My grandfather had died over a year ago. He keeled over from a massive brain

hemorrhage, most likely the result of stumbling and hitting his head on the banister the day

before he unexpectedly collapsed on the kitchen floor mid-conversation, a cup of coffee in one

hand. My grandmother blamed him for dying; as I overheard my grandmother say to my mother,

if he wasn’t so stubborn and paranoid of the medical profession, he might have lived (albeit with

some degree of cognitive impairment) if he would have sought emergency care right away. He

thought that the severe headache and memory loss post-fall would go away, though obviously it

didn’t. My grandmother was on the verge of calling an ambulance to take him when he slurred

his words and seemed totally disoriented. He died instantly; the paramedics could not revive him.

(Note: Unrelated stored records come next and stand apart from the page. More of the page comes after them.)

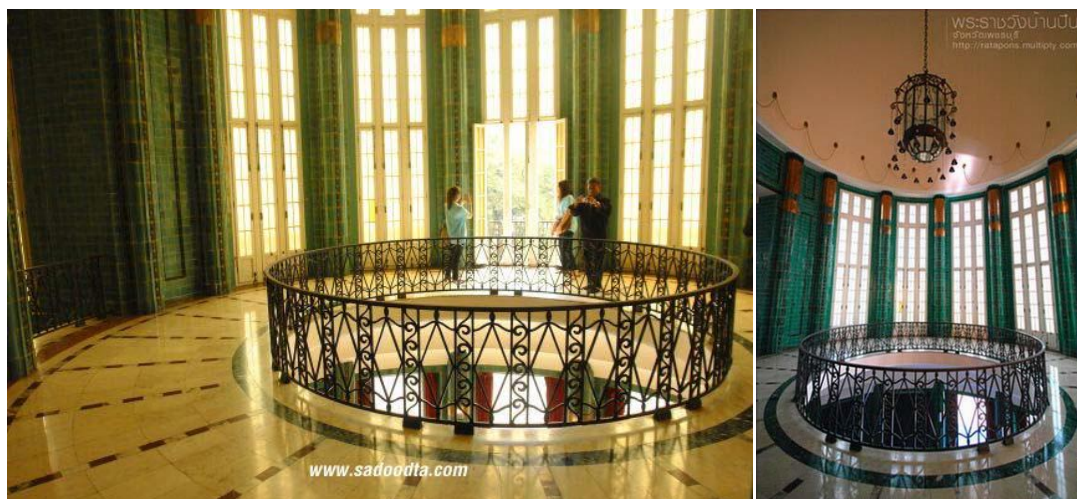
ภาพที่ 14 โถงชั้นบน
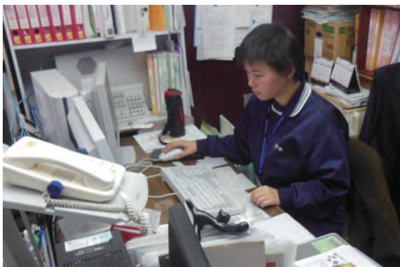
●済生会中和病院 ・高等養護学校3年生 ・12/5~7 【実習】:受付・事務補助
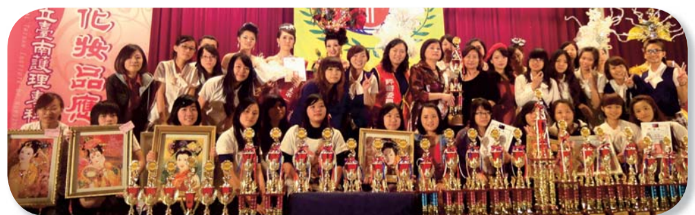
▲ 2012中華盃美容技藝競賽全國總冠軍
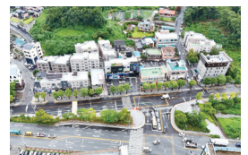
▲ 민속촌인구삼거리 가감속차선 정비 공사5억원
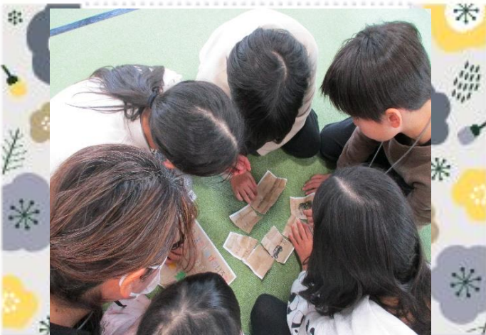
暗号を解いて・・・
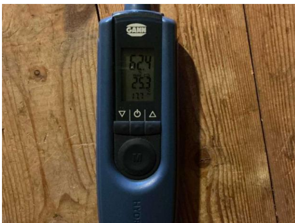
Bild 2: - Utvändigt, Vind, Fuktkontroll utförd under gränsvärde se bilaga 4
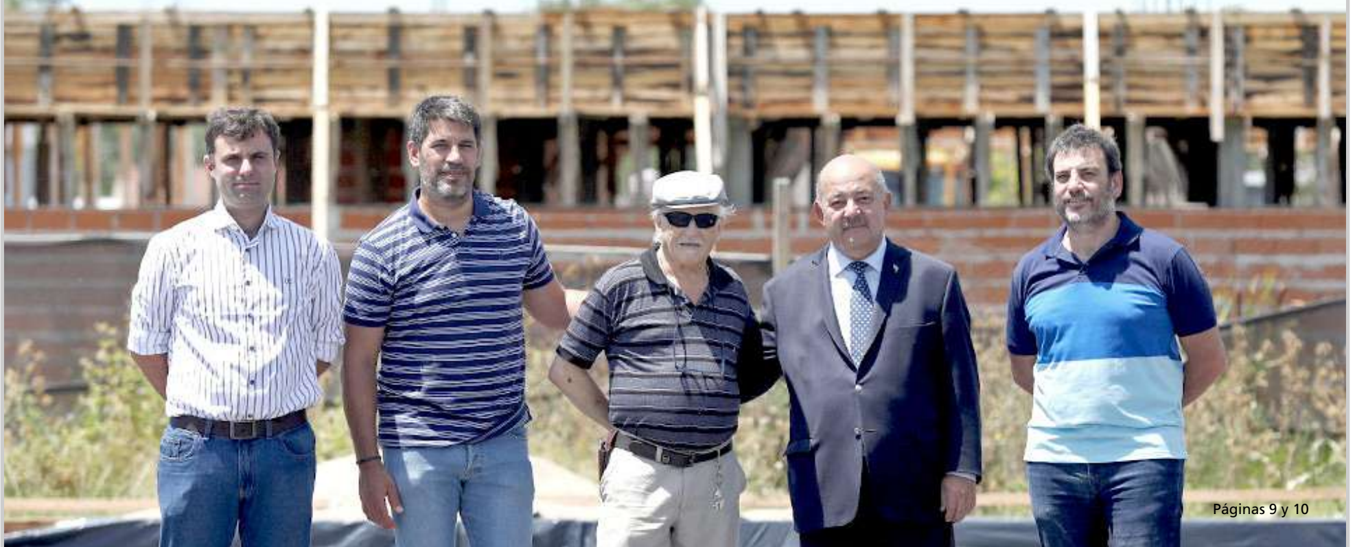
Páginas 9 y 10

Va dibujándose en inmediaciones de 129 y 64 la fisonomía de un Jardín Maternal, un Centro de Atención Primaria de la Salud y un Centro vinculado a la Economía Popular, espacios ligados al proyecto por el que cobró vida el barrio de trabajadores no docentes Ernesto "Semilla" Ramírez.
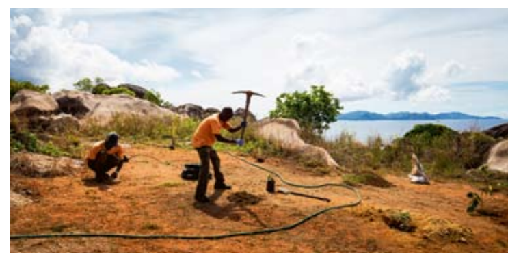
Återplantering av den ursprungliga skogen pågår på många av öarna. Här planteras nya träd på Félicité.

● Cirka 350 000 turister besökte Seychellerna under 2018 och turistintäkterna uppgick till drygt 4,5 miljarder kronor. Det motsvarar en 15-procentig ökning i intäkter från året innan. Antalet turister ökade under 2018 med tre procent.
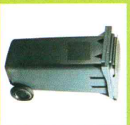
POJEMNIK 120 LITRÓW
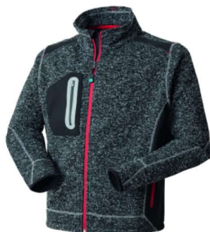
12 - GRIGIO
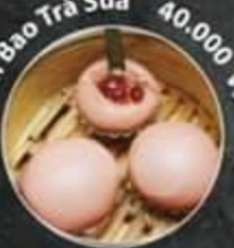
Bánh Bao Trà Sữa 40.000 VND
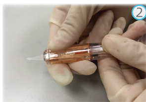
套筒外壳向后拉,折叠人工晶状体
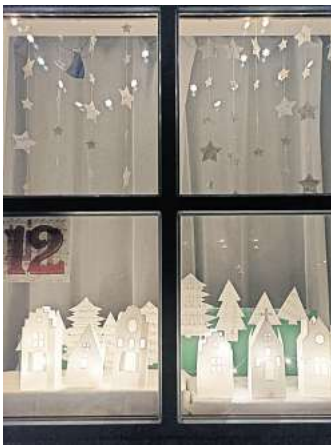
Es sind immer wieder schöne Fenster zu bestaunen beim Lebendigen Advent in Sereetz.

Die Teilnehmenden freuen sich sehr auf anregende Geschichten und Gemeinschaft im Advent. Da alles findet im Freien stattfindet, sollte sich jeder warm anziehen. Auch eine Taschenlampe ist von Vorteil und für Tee beziehungsweise Glühwein sollte jeder auch einen Becher dabei haben. Die genauen Termine und Veranstaltungsorte sind im Gemeindebrief und am Aushang im Schaukasten aufgelistet.
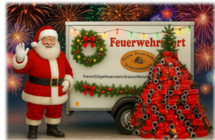
Die Freiwillige Feuerwehr Drauschkowitz e.V. wünscht allen Mitbürgerinnen und Mitbürgern, Kameradinnen und Kameraden sowie deren Familien und Freunden schöne Feiertage und einen guten Start in 2026!
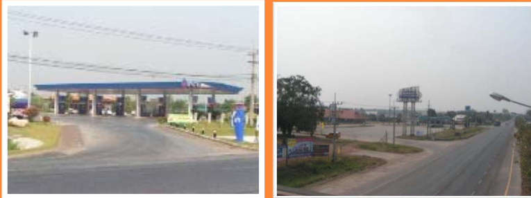
แขวงฯ กำแพงเพชร/สงล.ตาก ขบ.เป็นเจ้าภาพหลัก การประสานงาน
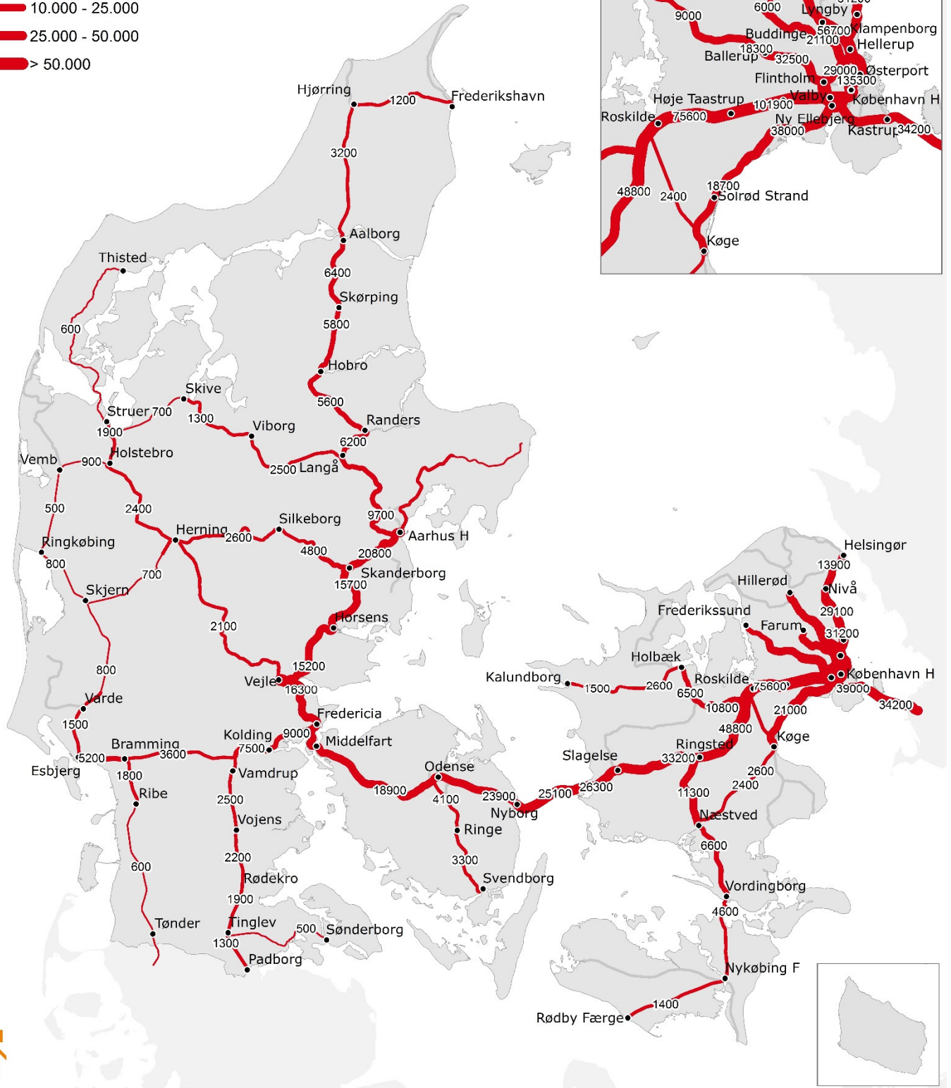
Figur 3 – Eksempel på hverdagsdøgntrafik efter genberegning i LTM.
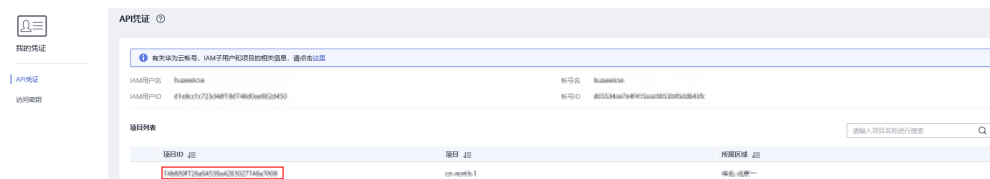
图 6-1 查看项目 ID
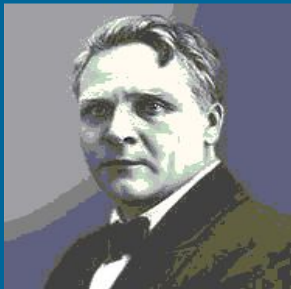
Ф.И. Шаляпин в роли Бориса Годунова. 1912 год
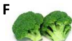
brokkoli, kelbimbó, káposzta
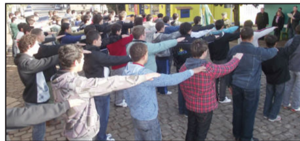
Os jovens da classe de 1993 prestaram juramento à Bandeira e foram dispensados do serviço militar
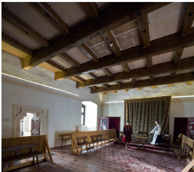
Fakazettás mennyezet az Öreg palotában

falfestéssel párhuzamosan. A festett dús ornamentika ezekben a szobabelsőkben a falikárpitokat és a faliszőnyegeket idézik, ezért síkszerűség és sokszor ismétlődő motívumok jellemzik azokat.
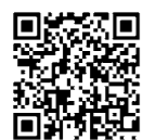
チケット販売サイト

地域発展のためのSDGsへの取り組みや最新テクノロジーの活用について、大阪・関西万博プロデューサーでメディアアーティストの落合陽一さんが話します。☎10月3日(日)午後6時30分〜8時30分。☎メイシアター大ホール。☎先着1100人。☎2000円。☎10月3日(日)までに吹田商工会議所青年部ホームページからチケット販売サイトへ。☎同会議所(☎6330・8001☎6330・3350)。
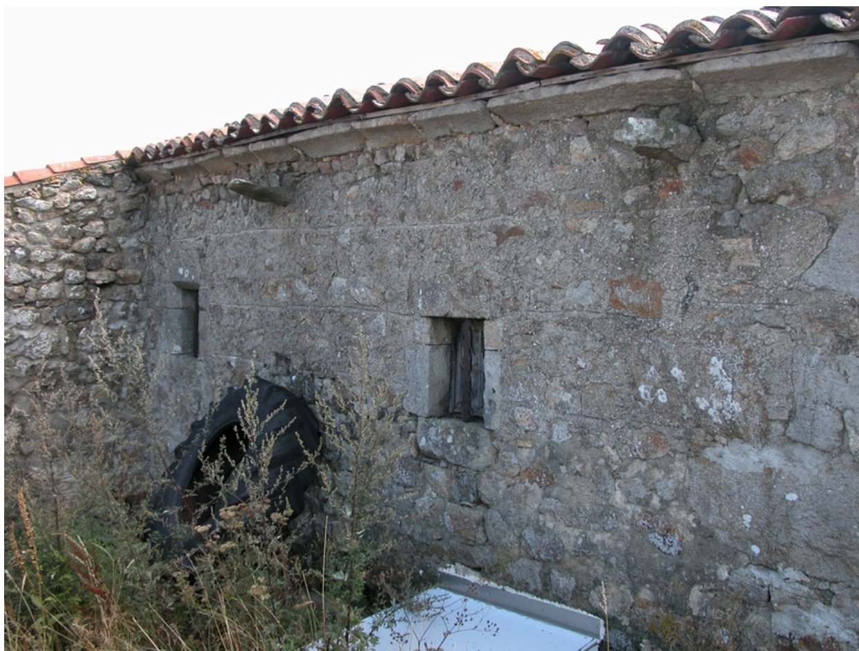
Vue de l'élévation arrière du logis.
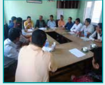
स्थापनार्थ पहिलो बैठक
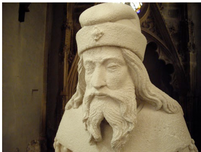
Statue en restauration recouverte de pulpe de papier
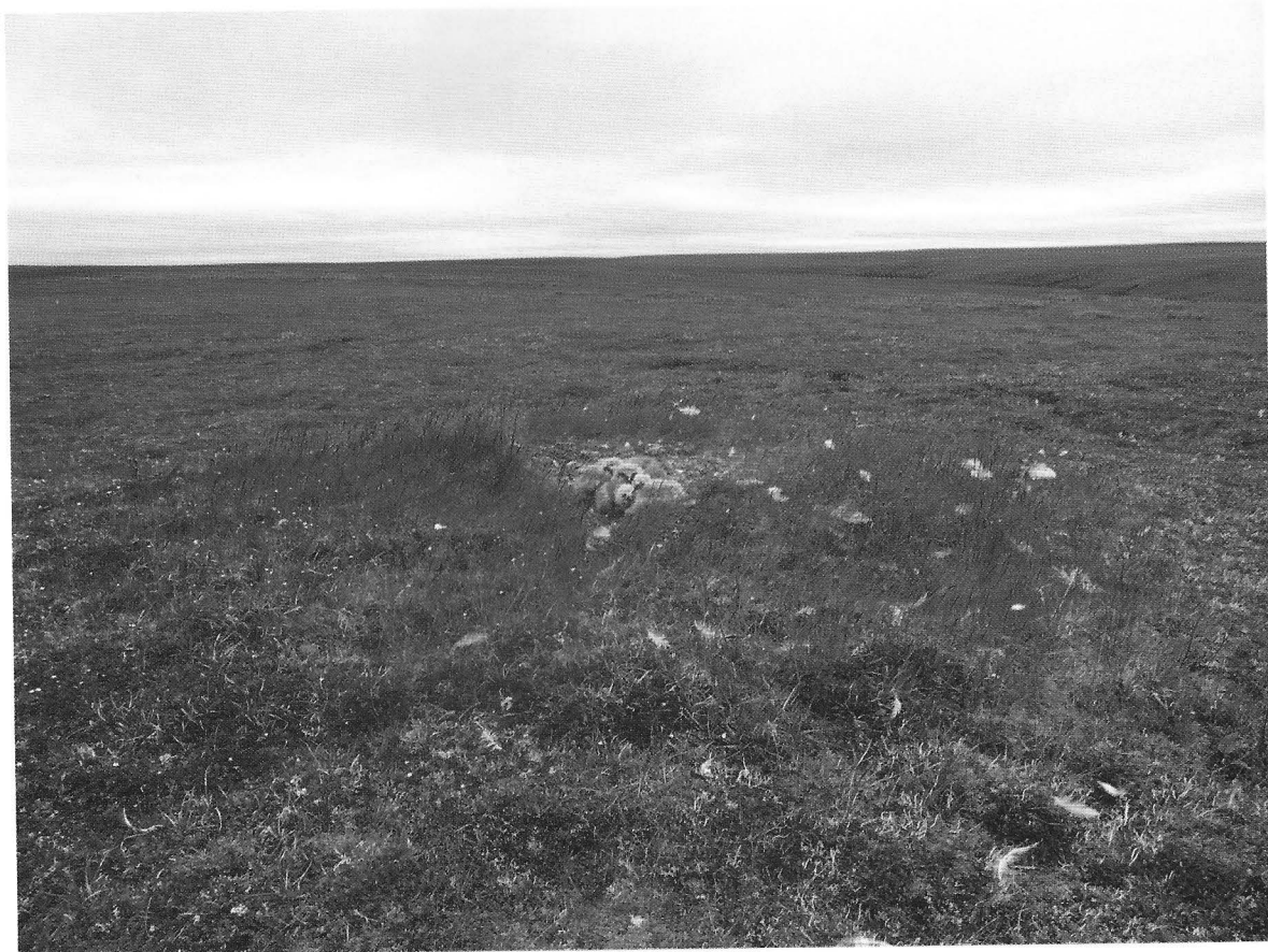
Рис. 4. Низкое местоположение гнезда белой совы Fig. 4. Low location of the Snowy Owl nest

ровностями рельефа. Критерием определения допустимого для наблюдения за гнездом расстояния служило поведение взрослых птиц: если самка возвращалась к гнезду для охраны птенцов и чтобы покормить их, дистанция для проведения считалась приемлемой, если нет, дистанция увеличивалась, либо наблюдения прекращались.
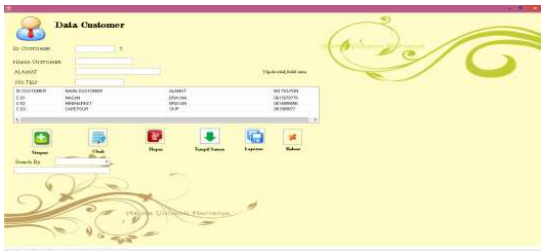
Gambar IV.5. Tampilan Input Data Customer

Adapun hasil tampilan input Data Customer yang penulis buat dapat dilihat pada gambar IV.5. sebagai berikut :
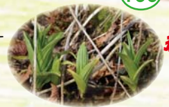
バイケイソウが 芽吹いてきました
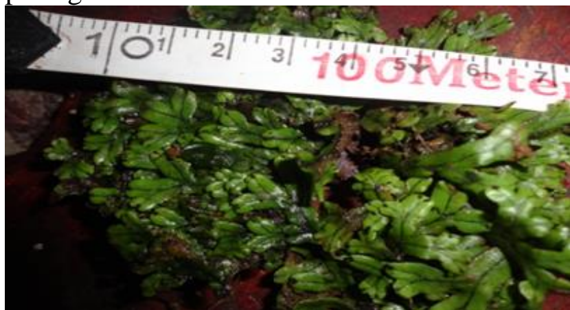
Gambar 4.2 Marchantia treubii

dan septanya. Marchantia treubii dapat di lihat pada gambar 4.2.
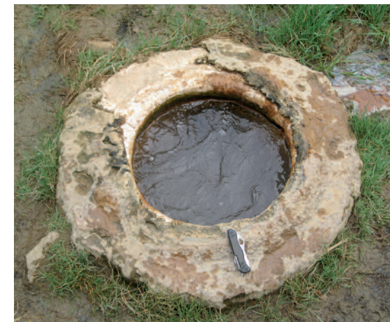
Débit de la source, 0,5 à 0,6 litre minute (Le couteau militaire de 11 cm donne l'échelle)

Du point de vue géologique, l'eau de pluie, au terme d'un voyage de quelques dizaines
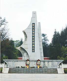
解放海南岛战役烈士陵园纪念碑。

答：解放海南岛战役是解放华南的收官之战，我军以木帆船突破国民党海空封锁，成功登陆并解放海南岛。在这场战役中，许多英烈献出了宝贵的生命。根据1950年5月8日第四野战军司令部《四十三、四十军渡海作战战绩》统计，共负伤3099人、牺牲784人、失踪619人，以上共计伤亡4500余人。根据《海南英烈谱》及续篇的记载，截至2023年底，共收录有名有姓的烈士1301人。
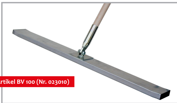
Artikel BV 100 (Nr. 023010)
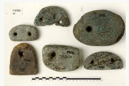
Kvinneredskap: De fine vevloddene er funnet ved Våddan, muligens ble de en gang plassert i en kvinnegrav.

-Lenge før Trondheim ble en by mot slutten av 900-tallet, trengte befolkningen på Byåsen veier mellom gårdene sine. De trengte også veier sørover til Gulosen og nordøstover til Øreting og gudehøvet på Lade, fastslår Beverfjord. Hun synes det er lett å se dem for seg, både formødrene og forfedrene, der de tok seg fram gjennom det frodige kulturlandskapet vest for Nidelva, med utsikt til fjorden, en annen viktig ferdselsåre for folk og varer.
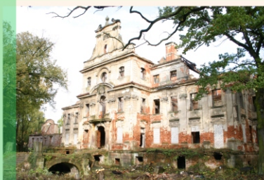
Pałac zniszczony w pożarze, jest w trakcie odbudowy.
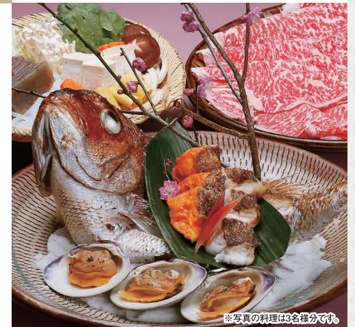
※写真の料理は3名様分です。

TEL (082) 243-4500 広島市中区流川町1-24 第2味の館ビル1・2・3F 定休日 1日(日)、8日(日)、15日(日)、22日(日)、30日(祝)
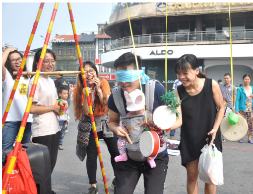
Cả nhà mình cùng vui nào!

một không gian ấm cúng, gần gũi, sáng tạo và vui nhộn thông qua các trải nghiệm kết nối gia đình như: trải nghiệm triển lãm tranh; cùng con vẽ, cắt dán; bịt mắt đập “trống thực phẩm”; ném vòng trên “Tháp dinh dưỡng”; và tham gia cuộc thi “Rung chuông vàng”. □
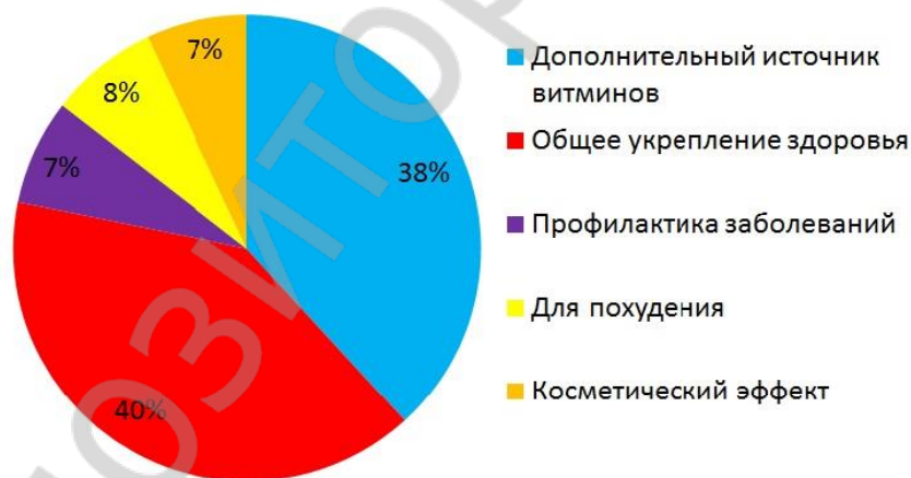
Рисунок 2–Цель покупки респондентами БАД

Частота приобретения БАД невысока – только 1,7% опрошенных приобретают их постоянно, 55,9% редко или при необходимости, а 42,4% вообще никогда этого не делали. Основной мотивацией для покупки биологически активных добавок стала консультация врача (29%), 22% процента опрошенных приобретали их по совету знакомых, остальная часть – под влиянием различных СМИ и по предложению распространителей. Основная цель приобретения – общее укрепление здоровья (Рисунок 2).
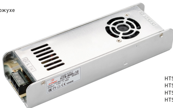
HTS-300L-12 HTS-300L-24 HTS-400L-12 HTS-400L-24
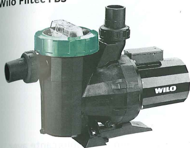
Wilo Filtec FBS

Circulation de l'eau de piscine selon DIN 19643, partie 1 à 5 avec filtre incorporé.
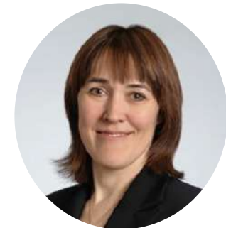
Замглавы Минобрнауки России Петрова О.В.

Реализуемая система федеральных инновационных площадок Минобрнауки России сегодня оказывает всестороннюю поддержку педагогическому сообществу – реализуемая инновационная площадка выступает организатором профессиональных конкурсов и мероприятий, разрабатывает педагогические учебники и пособия, оказывает информационную, правовую, методическую и информационную поддержку работникам образования и реализует и иные важные задачи в системе образования.
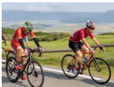
▲市街を見下ろしながら駆けあがる

9月10日、阿蘇いこいの村跡地から草千里駐車場までをランニングや自転車で駆けあがる「阿蘇パノラマラインヒルクライム」が開催されました。
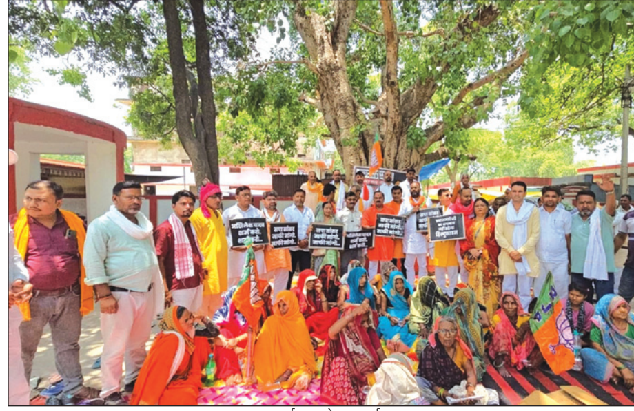
प्रदर्शन करते भाजपाई

If by some miracle they did get the ticker tocking again, it was more than likely he’d be hooked

up to respirators and feeding tubes and machines, brain-dead but kept alive on life support.

Though it wasn’t explicitly stated, implicitly it was known that it was best for all involved that

the grim reaper snatched his soul that fateful day, sparing us from the awkwardness of visiting an

uncommunicative, unresponsive comatose person for months or years.